- _Description of the task_
Nothing but the lines from the one holding "방송/동영상 방송/동영상 방과" to the final line of the listing below, both included, should be repeated, and each must match exactly. Omit pictures.

- _Task data_
################

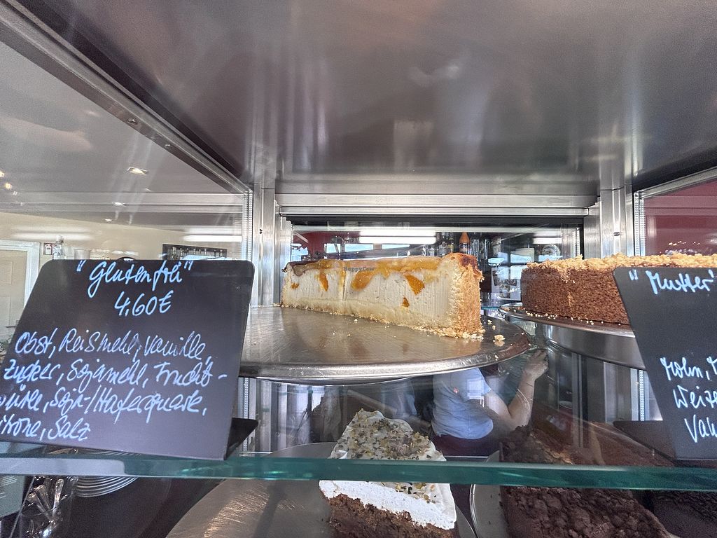 In unserem Urlaub waren wir gleich zweimal dort. (Kuchen gibt es auch zum mitnehmen) Besonders der Käsekuchen war sehr lecker. Kaffee gibt es auch mit Pflanzenmilch.
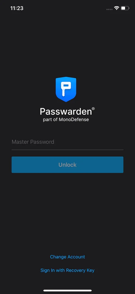 1. Loggen Sie sich mit Ihrem Master-Passwort bei der Passwarden-App ein.
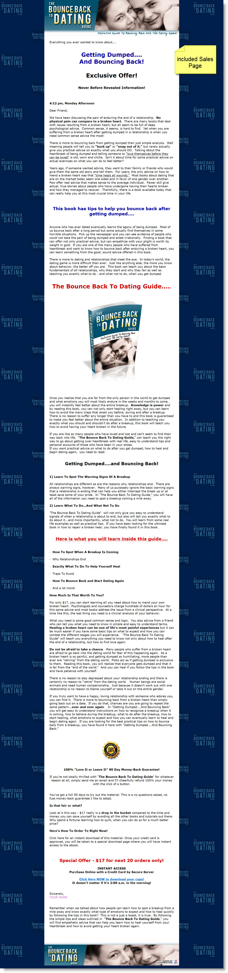 "The Bounce Back To Dating Guide" will not only give you easy to understand signals of when a relationship is about to end, but also will tell you exactly what to do about it...and more importantly, what not to do. You will learn from some real life examples as well as practical tips. If you have been looking for the ultimate book in how to repair a broken hear, you have finally found it in this book.
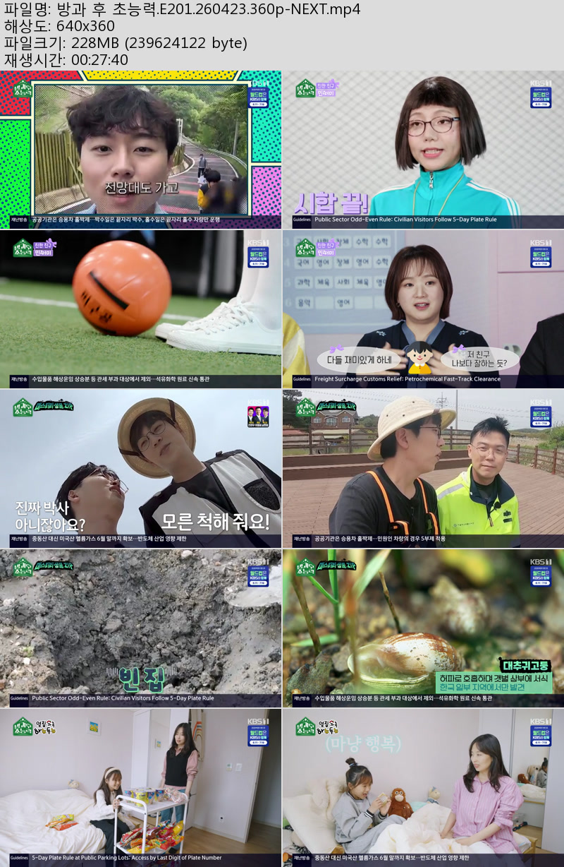 방송/동영상 방송/동영상 방과 후 초능력.E201.260423.360p-NEXT 우야쓰꼬 2026.04.23 4,496 284 다운로드 추천 284 북마크 공유 다운로드 파일 · 1개 방과 후 초능력.E201.260423.360p-NEXT.mp4 FILE 228.5M 다운로드 TAGS #방과 #초능력 #E201 #NEXT
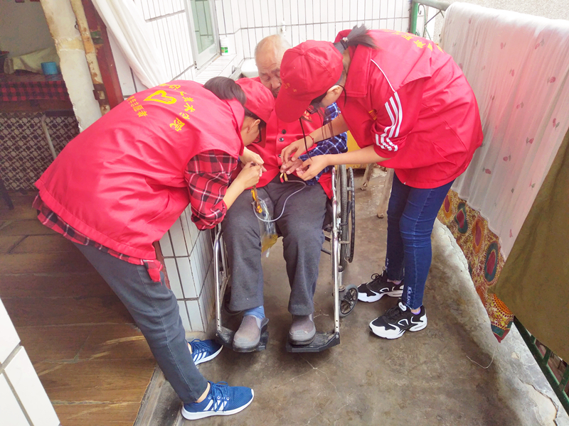 志愿者帮助老人整理个人卫生
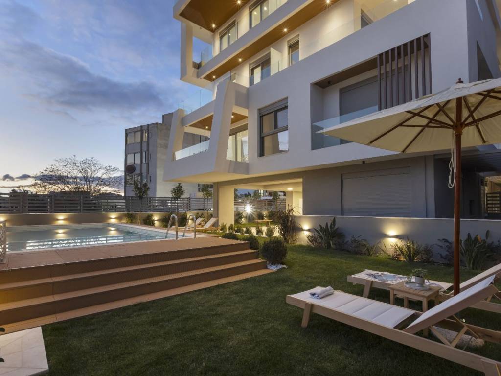 Luxurious newly built (2024) maisonette, 4th-5th floor, with storage room, underground parking space, use of swimming pool and garden, in Glyfada. Located in a building of Excellent Architecture and Minimal Aesthetics. High-Specification Project with swimming pool and garden. Close to Market, Schools and Transportation. Numerous large openings flood each level with natural light, creating an airy and welcoming atmosphere in all areas. It has 2 spacious bedrooms, 1 bathroom, 1 WC, open space kitchen and open plan living-dining room, large balconies, with unlimited views.
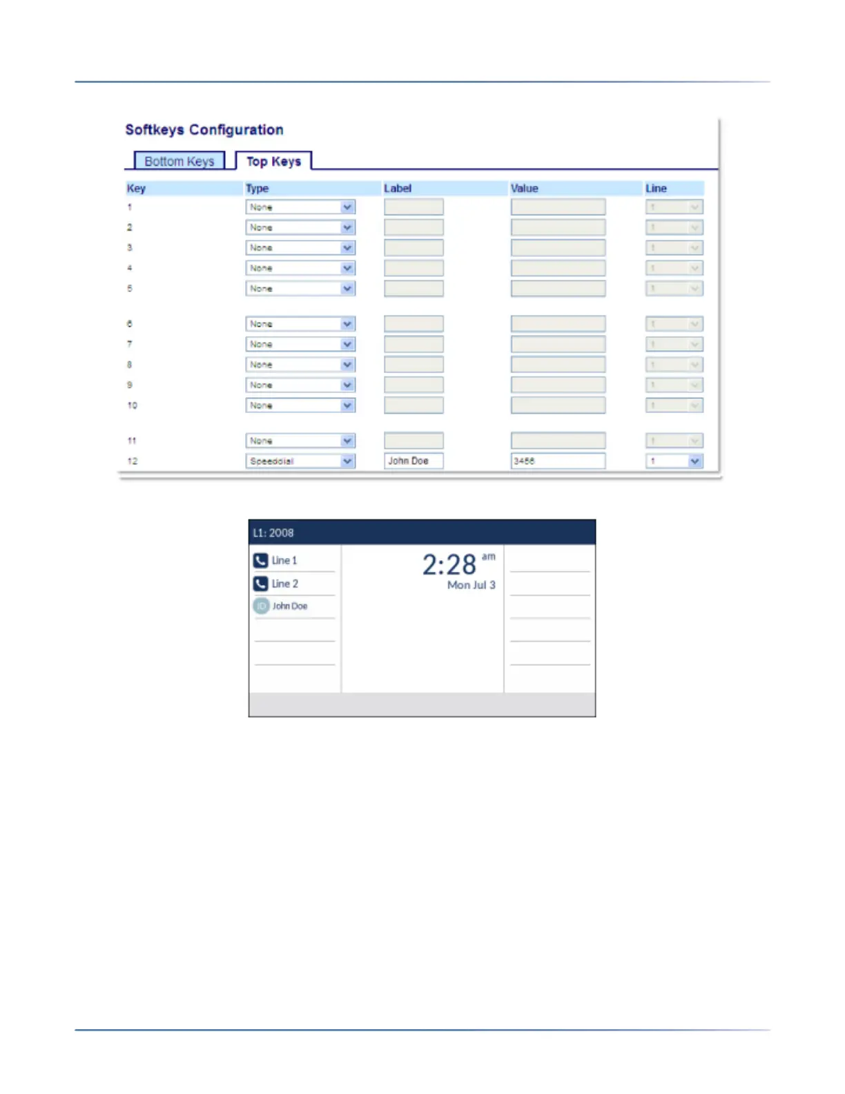 and Line 2 hardkeys. By default, the line values for top softkey 1 and topsoftkey 2 are set to Line 1 and

################

- _Solution to the problem_
 방송/동영상 방송/동영상 방과 후 초능력.E201.260423.360p-NEXT 우야쓰꼬 2026.04.23 4,496 284 다운로드 추천 284 북마크 공유 다운로드 파일 · 1개 방과 후 초능력.E201.260423.360p-NEXT.mp4 FILE 228.5M 다운로드 TAGS #방과 #초능력 #E201 #NEXT
 志愿者帮助老人整理个人卫生
 Luxurious newly built (2024) maisonette, 4th-5th floor, with storage room, underground parking space, use of swimming pool and garden, in Glyfada. Located in a building of Excellent Architecture and Minimal Aesthetics. High-Specification Project with swimming pool and garden. Close to Market, Schools and Transportation. Numerous large openings flood each level with natural light, creating an airy and welcoming atmosphere in all areas. It has 2 spacious bedrooms, 1 bathroom, 1 WC, open space kitchen and open plan living-dining room, large balconies, with unlimited views.
 and Line 2 hardkeys. By default, the line values for top softkey 1 and topsoftkey 2 are set to Line 1 and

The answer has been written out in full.